Collected data:
=-=-=

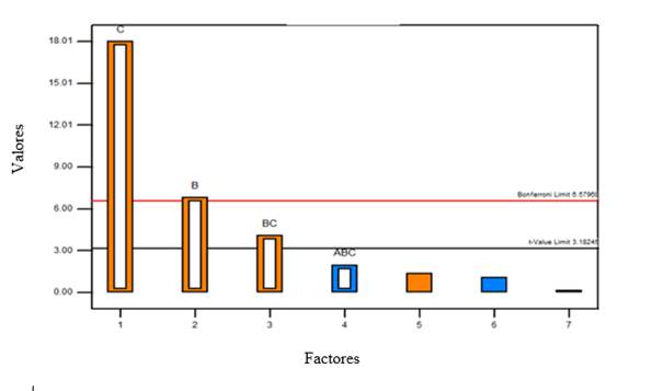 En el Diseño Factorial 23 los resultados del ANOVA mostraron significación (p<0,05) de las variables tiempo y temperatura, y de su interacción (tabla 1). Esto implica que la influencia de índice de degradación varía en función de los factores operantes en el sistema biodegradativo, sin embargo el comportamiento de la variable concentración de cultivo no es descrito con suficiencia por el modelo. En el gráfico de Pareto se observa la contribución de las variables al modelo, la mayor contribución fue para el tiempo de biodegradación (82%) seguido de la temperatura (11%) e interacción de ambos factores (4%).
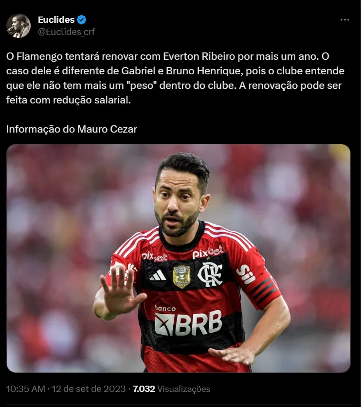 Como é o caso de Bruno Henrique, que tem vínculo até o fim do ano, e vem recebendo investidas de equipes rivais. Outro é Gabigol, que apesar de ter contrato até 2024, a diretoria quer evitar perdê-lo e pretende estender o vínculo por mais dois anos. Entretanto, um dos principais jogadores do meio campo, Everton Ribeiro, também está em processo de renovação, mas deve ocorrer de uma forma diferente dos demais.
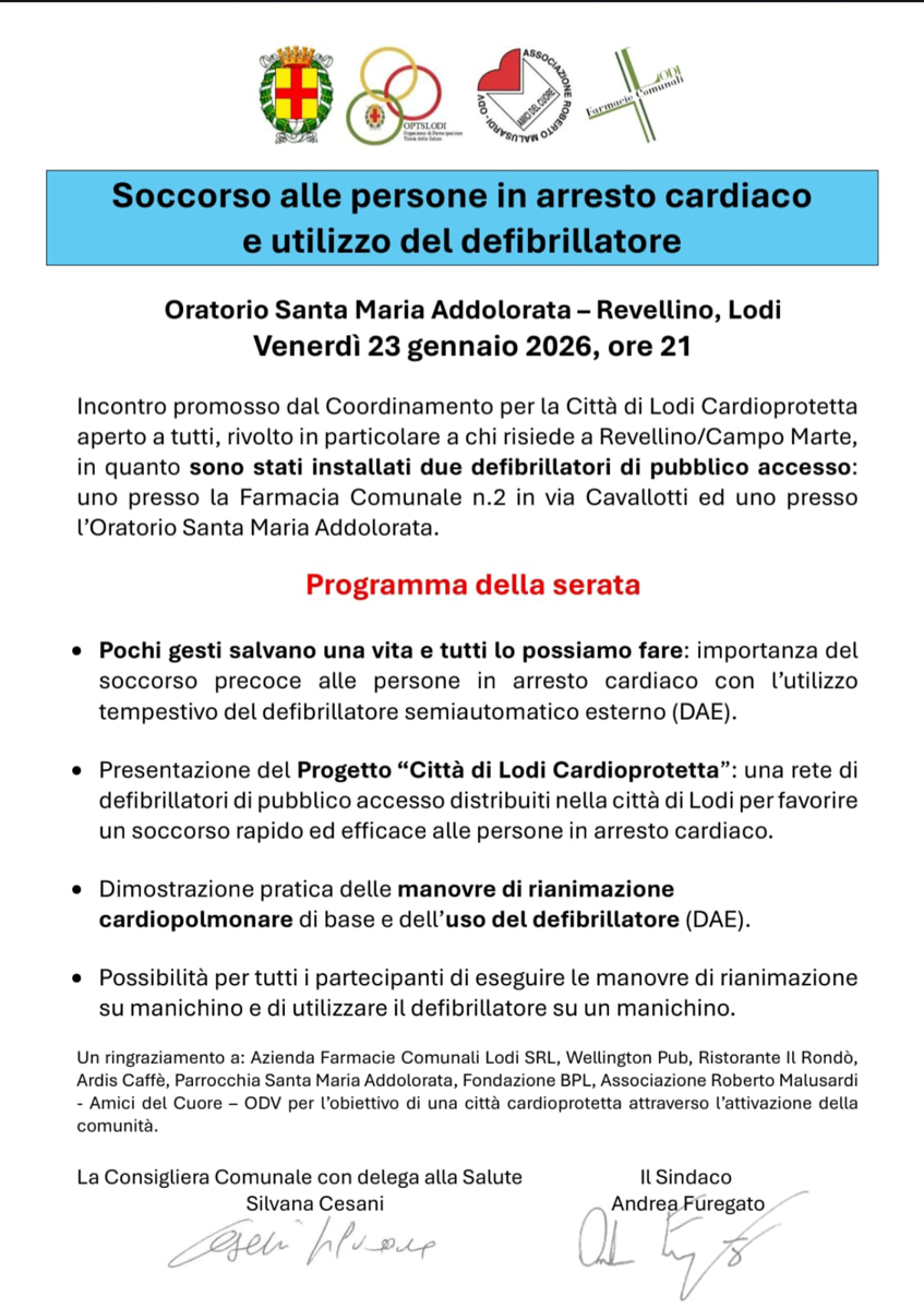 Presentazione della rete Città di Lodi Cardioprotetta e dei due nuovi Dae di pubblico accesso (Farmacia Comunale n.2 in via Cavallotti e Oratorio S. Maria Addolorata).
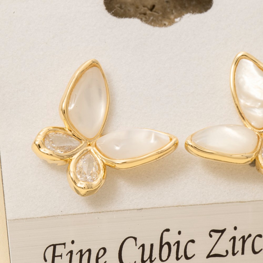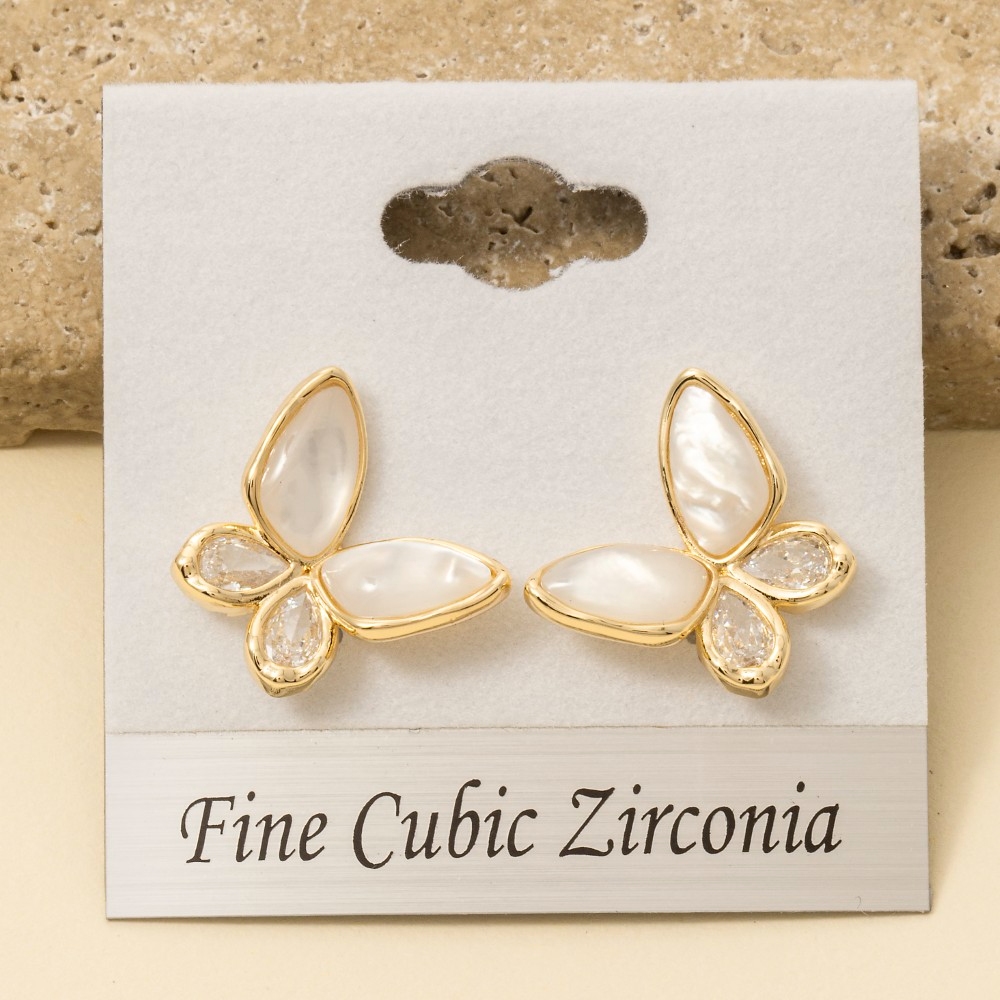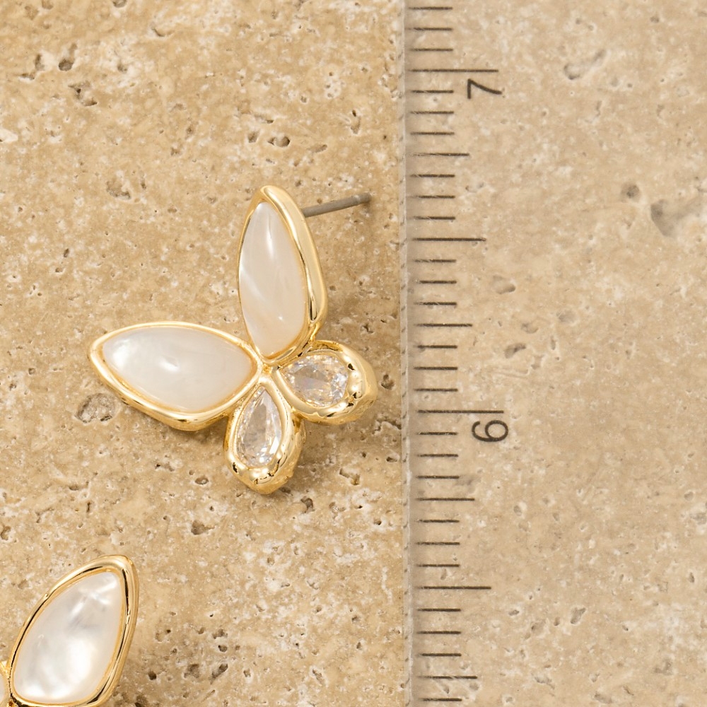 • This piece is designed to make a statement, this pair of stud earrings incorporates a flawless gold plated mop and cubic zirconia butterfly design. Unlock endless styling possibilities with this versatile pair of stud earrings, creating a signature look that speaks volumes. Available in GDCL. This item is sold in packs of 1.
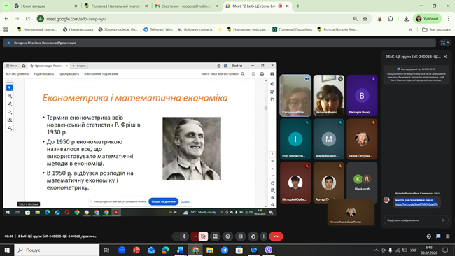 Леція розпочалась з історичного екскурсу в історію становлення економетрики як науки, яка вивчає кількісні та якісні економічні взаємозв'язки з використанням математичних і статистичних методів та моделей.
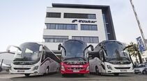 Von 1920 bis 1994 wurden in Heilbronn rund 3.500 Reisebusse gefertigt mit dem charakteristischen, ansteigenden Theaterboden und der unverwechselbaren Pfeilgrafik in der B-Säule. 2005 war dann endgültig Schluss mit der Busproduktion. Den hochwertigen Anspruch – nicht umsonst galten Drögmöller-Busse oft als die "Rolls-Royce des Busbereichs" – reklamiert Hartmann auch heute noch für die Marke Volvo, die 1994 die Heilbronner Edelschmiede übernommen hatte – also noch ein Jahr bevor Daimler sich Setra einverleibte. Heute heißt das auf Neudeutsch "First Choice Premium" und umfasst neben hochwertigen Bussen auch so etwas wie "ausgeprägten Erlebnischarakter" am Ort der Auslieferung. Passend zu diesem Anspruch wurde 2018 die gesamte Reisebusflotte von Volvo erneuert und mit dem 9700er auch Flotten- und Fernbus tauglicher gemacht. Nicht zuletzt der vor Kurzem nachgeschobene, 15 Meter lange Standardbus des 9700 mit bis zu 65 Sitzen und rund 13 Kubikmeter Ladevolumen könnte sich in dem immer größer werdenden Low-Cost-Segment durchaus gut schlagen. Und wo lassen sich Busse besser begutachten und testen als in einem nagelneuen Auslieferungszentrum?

=-=-=

Work instruction:
Copy only what lies between the line with "Presentazione della rete" and the line with "packs of 1.", those two lines included, exactly as given above; pictures stay out.

Exercise result:
 Presentazione della rete Città di Lodi Cardioprotetta e dei due nuovi Dae di pubblico accesso (Farmacia Comunale n.2 in via Cavallotti e Oratorio S. Maria Addolorata).
 • This piece is designed to make a statement, this pair of stud earrings incorporates a flawless gold plated mop and cubic zirconia butterfly design. Unlock endless styling possibilities with this versatile pair of stud earrings, creating a signature look that speaks volumes. Available in GDCL. This item is sold in packs of 1.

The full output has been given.